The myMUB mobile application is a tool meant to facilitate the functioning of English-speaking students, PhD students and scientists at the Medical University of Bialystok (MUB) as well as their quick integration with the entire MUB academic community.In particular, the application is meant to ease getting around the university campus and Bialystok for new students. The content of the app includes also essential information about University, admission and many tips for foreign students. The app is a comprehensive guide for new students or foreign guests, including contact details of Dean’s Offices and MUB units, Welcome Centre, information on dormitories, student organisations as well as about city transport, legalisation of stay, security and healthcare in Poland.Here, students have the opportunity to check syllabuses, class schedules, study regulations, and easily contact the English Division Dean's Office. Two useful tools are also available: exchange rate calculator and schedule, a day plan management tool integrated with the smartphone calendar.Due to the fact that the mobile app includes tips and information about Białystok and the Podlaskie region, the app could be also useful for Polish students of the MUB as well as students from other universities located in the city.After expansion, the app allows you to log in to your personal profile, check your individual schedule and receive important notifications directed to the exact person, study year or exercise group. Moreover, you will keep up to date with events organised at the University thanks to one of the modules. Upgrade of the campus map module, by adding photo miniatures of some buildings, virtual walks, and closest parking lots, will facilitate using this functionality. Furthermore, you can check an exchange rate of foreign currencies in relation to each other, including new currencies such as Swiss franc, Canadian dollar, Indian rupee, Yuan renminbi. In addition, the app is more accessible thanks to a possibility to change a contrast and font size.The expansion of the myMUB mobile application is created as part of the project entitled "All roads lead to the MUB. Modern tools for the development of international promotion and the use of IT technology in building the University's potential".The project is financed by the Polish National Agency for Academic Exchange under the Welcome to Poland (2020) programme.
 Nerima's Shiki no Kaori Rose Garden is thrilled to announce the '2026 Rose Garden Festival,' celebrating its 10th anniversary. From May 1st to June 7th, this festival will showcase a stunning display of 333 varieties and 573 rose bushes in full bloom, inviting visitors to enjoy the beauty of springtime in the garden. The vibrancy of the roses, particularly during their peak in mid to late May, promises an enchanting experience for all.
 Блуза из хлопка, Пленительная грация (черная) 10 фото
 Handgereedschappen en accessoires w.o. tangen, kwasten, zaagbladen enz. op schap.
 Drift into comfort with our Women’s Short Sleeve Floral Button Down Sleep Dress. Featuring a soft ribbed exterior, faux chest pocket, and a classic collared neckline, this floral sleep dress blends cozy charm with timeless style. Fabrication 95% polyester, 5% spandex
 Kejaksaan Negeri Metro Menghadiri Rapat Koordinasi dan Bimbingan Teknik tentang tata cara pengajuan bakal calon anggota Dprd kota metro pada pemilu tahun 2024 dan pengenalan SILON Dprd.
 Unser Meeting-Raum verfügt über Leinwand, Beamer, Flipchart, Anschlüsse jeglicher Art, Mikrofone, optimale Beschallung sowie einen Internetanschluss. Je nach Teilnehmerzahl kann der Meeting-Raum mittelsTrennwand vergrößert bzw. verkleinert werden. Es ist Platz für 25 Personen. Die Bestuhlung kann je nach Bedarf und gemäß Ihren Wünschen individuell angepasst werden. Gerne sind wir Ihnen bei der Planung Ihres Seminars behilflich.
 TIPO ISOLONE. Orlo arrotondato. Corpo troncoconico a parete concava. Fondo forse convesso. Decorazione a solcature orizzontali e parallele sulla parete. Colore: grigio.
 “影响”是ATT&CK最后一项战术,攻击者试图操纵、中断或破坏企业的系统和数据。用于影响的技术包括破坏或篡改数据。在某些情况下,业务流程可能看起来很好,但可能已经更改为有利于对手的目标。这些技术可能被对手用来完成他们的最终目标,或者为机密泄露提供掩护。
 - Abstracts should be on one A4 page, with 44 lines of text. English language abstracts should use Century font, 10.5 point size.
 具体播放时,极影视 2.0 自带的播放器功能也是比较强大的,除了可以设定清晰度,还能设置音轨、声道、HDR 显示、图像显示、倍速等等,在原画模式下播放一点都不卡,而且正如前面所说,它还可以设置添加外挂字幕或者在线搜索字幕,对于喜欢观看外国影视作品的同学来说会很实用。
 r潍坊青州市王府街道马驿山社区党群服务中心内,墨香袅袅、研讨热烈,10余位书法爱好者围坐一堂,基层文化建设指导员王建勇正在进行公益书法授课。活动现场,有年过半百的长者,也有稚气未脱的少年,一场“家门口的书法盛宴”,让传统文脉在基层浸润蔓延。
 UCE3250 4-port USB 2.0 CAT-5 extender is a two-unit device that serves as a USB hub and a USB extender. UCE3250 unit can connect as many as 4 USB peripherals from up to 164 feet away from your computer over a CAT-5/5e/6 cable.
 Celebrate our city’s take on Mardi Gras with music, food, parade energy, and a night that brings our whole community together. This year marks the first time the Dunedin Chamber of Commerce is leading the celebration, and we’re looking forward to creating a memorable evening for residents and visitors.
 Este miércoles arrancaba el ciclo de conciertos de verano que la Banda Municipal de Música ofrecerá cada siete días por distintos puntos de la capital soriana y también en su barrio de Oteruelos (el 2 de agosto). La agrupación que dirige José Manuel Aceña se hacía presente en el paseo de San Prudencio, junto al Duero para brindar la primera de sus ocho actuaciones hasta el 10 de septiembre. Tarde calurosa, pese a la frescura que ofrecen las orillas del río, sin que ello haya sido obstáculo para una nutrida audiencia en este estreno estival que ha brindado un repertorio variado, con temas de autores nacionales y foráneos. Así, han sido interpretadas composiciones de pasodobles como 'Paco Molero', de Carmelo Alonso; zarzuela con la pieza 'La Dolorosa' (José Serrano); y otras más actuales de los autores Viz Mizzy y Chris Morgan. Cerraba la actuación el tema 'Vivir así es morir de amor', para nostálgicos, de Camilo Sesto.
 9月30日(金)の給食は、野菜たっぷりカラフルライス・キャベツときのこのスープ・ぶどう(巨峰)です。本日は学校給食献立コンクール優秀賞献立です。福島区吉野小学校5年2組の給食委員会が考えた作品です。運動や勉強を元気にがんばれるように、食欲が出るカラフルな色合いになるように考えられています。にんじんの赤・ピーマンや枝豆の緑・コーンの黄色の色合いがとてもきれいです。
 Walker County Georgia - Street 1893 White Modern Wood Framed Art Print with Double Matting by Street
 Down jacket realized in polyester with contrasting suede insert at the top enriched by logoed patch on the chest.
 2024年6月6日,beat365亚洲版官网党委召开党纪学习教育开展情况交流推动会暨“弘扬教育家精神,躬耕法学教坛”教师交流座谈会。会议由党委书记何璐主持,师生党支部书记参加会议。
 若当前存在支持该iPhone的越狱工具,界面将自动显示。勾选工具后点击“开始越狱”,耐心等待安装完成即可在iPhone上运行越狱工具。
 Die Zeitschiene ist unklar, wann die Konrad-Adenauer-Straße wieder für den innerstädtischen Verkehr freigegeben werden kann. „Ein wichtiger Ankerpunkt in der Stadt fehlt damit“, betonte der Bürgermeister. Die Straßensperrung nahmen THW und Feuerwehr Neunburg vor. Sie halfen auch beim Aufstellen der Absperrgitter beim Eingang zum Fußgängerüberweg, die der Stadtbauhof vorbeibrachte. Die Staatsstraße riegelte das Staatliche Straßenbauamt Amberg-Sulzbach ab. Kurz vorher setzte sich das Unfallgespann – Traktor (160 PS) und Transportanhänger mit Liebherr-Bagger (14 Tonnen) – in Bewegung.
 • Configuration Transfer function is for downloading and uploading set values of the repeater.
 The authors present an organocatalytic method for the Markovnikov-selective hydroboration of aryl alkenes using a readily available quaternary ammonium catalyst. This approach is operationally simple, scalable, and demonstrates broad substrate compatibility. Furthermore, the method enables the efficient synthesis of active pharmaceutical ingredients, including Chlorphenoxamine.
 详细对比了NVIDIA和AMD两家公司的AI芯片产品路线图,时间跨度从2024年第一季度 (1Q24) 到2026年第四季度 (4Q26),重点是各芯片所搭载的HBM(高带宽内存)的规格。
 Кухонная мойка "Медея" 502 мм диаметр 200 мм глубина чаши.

» **WHAT YOU NEED TO DO**:
Return every line of the entries above that the string "polyester" appears in.

» **RESPONSE**:
 Drift into comfort with our Women’s Short Sleeve Floral Button Down Sleep Dress. Featuring a soft ribbed exterior, faux chest pocket, and a classic collared neckline, this floral sleep dress blends cozy charm with timeless style. Fabrication 95% polyester, 5% spandex
 Down jacket realized in polyester with contrasting suede insert at the top enriched by logoed patch on the chest.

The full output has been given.